Statistics Minor
Contact
Ryan Hedstrom
Assistant Academic Director, School of Mathematics and Data Science
rhedstrom@une.edu
Mission
The Minor in Statistics is to equip students with a comprehensive understanding of statistical principles and methodologies, fostering the ability to analyze and interpret data effectively across diverse disciplines.
Program Description
The Minor in Statistics will provide students with a solid foundation in statistical inference and data interpretation. The minor complements a wide range of disciplines, such as biology, health, social sciences and business, by equipping students with the tools necessary to analyze and make informed decisions based on data.
Program Goals
The minor in Statistics will:
- Train students in a range of foundational and modern statistical methods.

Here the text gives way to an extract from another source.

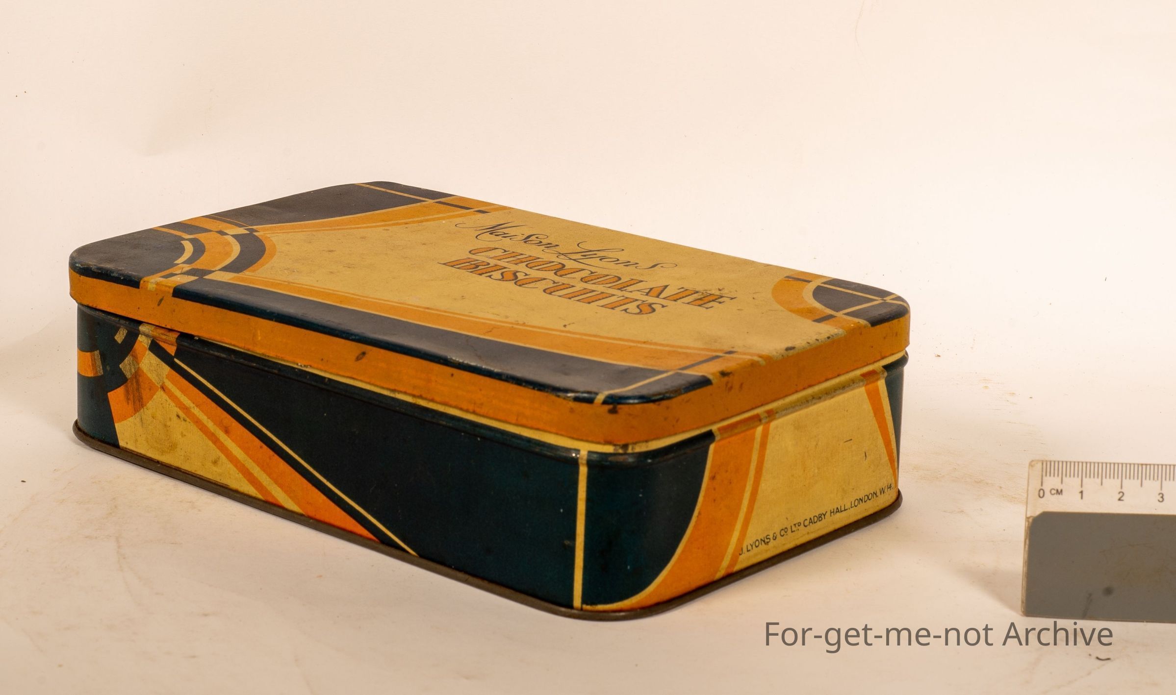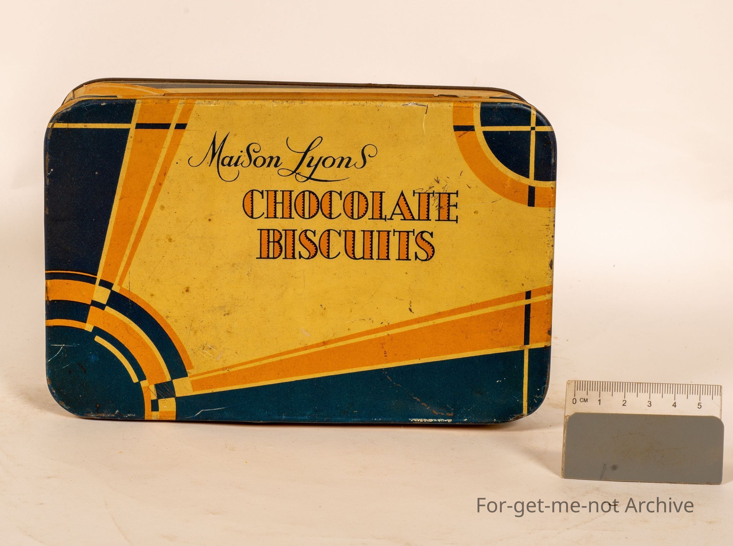 The chocolate tin. Maison Lyons Chocolate Biscuits. This is an English gin from Lyons at London. Quite a nice, deco design.
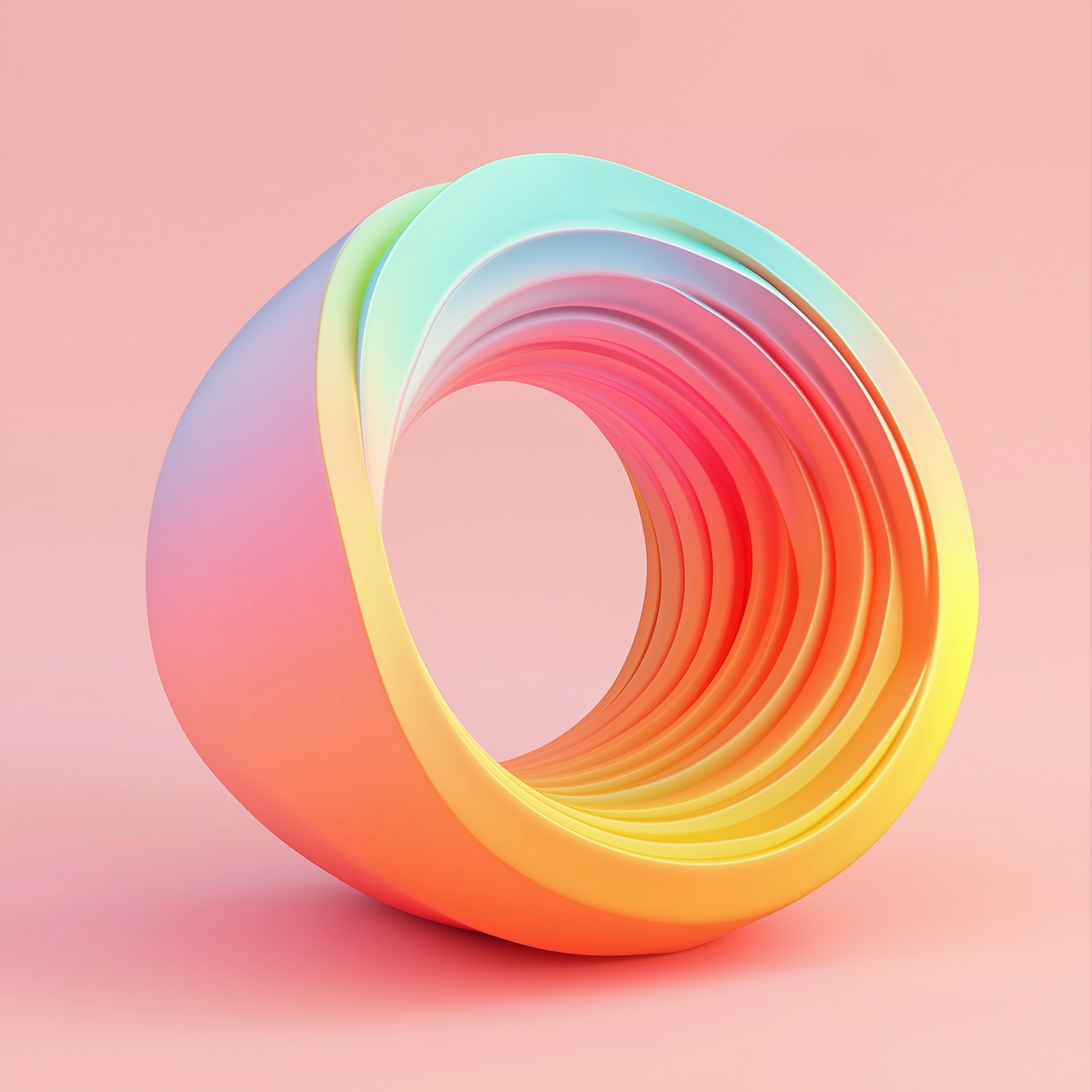 A colorful 3D abstract sculpture with layered ribbons in gradient hues, set against a soft peach background. Modern and eye-catching design.

- Develop the ability to critically analyze data and make evidence-based decisions.
- Prepare students to use statistical software in any discipline and in a range of careers
Transfer Credit
See Undergraduate Admissions for more information.
Admissions
See Undergraduate Admissions for more information.
Financial Information
Tuition and fees for subsequent years may vary. Other expenses include books and housing. For more tuition and fee information, please consult this catalog’s Financial Information section.
Curricular Requirements
A student with a major in another program may minor in Statistics with the approval of the Associate Director of the School of Mathematics and Data Science. A minimum of 19 hours of approved course credit is required.
Students wishing to declare a Statistics minor should complete a course plan in consultation with a Mathematics and Data Science faculty member.
Students may earn a Minor in Statistics by completing the following:
| Code | Title | Hours |
|---|---|---|
| Program Required Courses | ||
| MAT 150 | Statistics for Life Sciences | 3 |
| MAT 190 | Calculus I | 4 |
| MAT 220 | Linear Algebra | 3 |
| STS 220 | Probability | 3 |
| STS 250 | Statistical Methods I: Linear Models | 3 |
| Select one of the following: | 3 | |
| Machine Learning | ||
| Deep Learning | ||
| Data Mining | ||
| Topics in Data Science | ||
| Principle of Study Design | ||
| Statistical Computing | ||
| Time Series Analysis | ||
| Bayesian Methods | ||
| Total Hours | 19 | |
Please note: While some courses can fulfill both core and program requirements, the credits earned do not count twice towards the minimum total required credits for the degree.